You will need to install the SQL Server Native Driver or ODBC Driver for SQL Server if you plan to use the driver_type of pyodbc. These drivers are not needed when opting to use pymssql.

Installing Microsoft ODBC Driver for SQL Server

Install from GitHub:

pipx install git+https://github.com/BuzzCutNorman/tap-mssql.git

Meltano CLI

You can find this tap at Meltano Hub. Which makes installation a snap.

Add the tap-stackoverflow-sampledata extractor to your project using meltano add :

meltano add extractor tap-mssql --variant buzzcutnorman

Configuration

The simplest way to configure tap-mssql is to use the Meltano interactive configuration.
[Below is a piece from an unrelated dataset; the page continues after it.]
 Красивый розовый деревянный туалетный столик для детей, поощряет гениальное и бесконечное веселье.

meltano config tap-mssql set --interactive

You can quickly set configuration options 1 - 7 this way:

  1. dialect: The Dialect of SQLAlchemy
  2. driver_type: The Python Driver you will be using to connect to the SQL server
  3. host: The FQDN of the Host serving out the SQL Instance
  4. port: The port on which SQL awaiting connection
  5. user: The User Account who has been granted access to the SQL Server
  6. password: The Password for the User account
  7. database: The Default database for this connection

WARNING: Do not attempt setting any other configuration options via interactive. Doing so has lead to incomplete configurations that fail when the tap is run.

Options 8 - 15 can be setup via meltano config tap-mssql set. Examples for the most commonly needed configurations options are given below.
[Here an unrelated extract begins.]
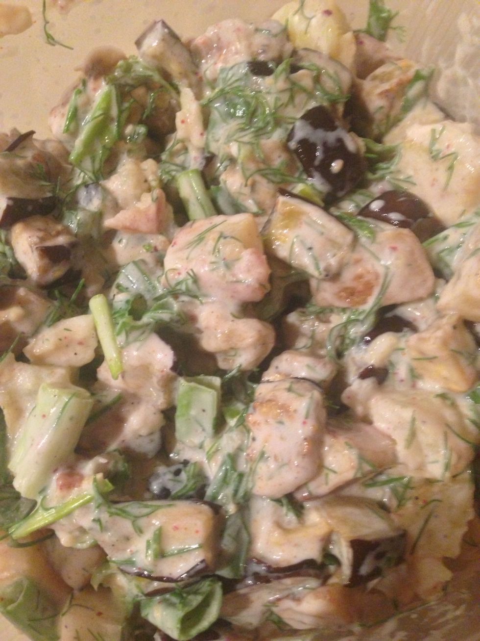 Mix all together and voila. You have yummy potato and eggplant salad , you can serve it as aside dish with any main dish . BON APPETITE.

When using pyodbc sqlalchemy_url_query.driver passes SQLAlchemny the installed ODBC driver.

meltano config tap-mssql set sqlalchemy_url_query.driver "ODBC Driver 18 for SQL Server"

When using pyodbc sqlalchemy_url_query.TrustServerCertificate let SQLAlchemy know whether to trust server signed certificates when connecting to SQL Server. Using this will correct the connection error of

meltano config tap-mssql set sqlalchemy_url_query.TrustServerCertificate yes

The pyodbc driver has added support for a β€œfast executemany” mode of execution which greatly reduces round trips. You can trun the option on or off by setting sqlalchemy_eng_params.fast_executemany to "True" or "False"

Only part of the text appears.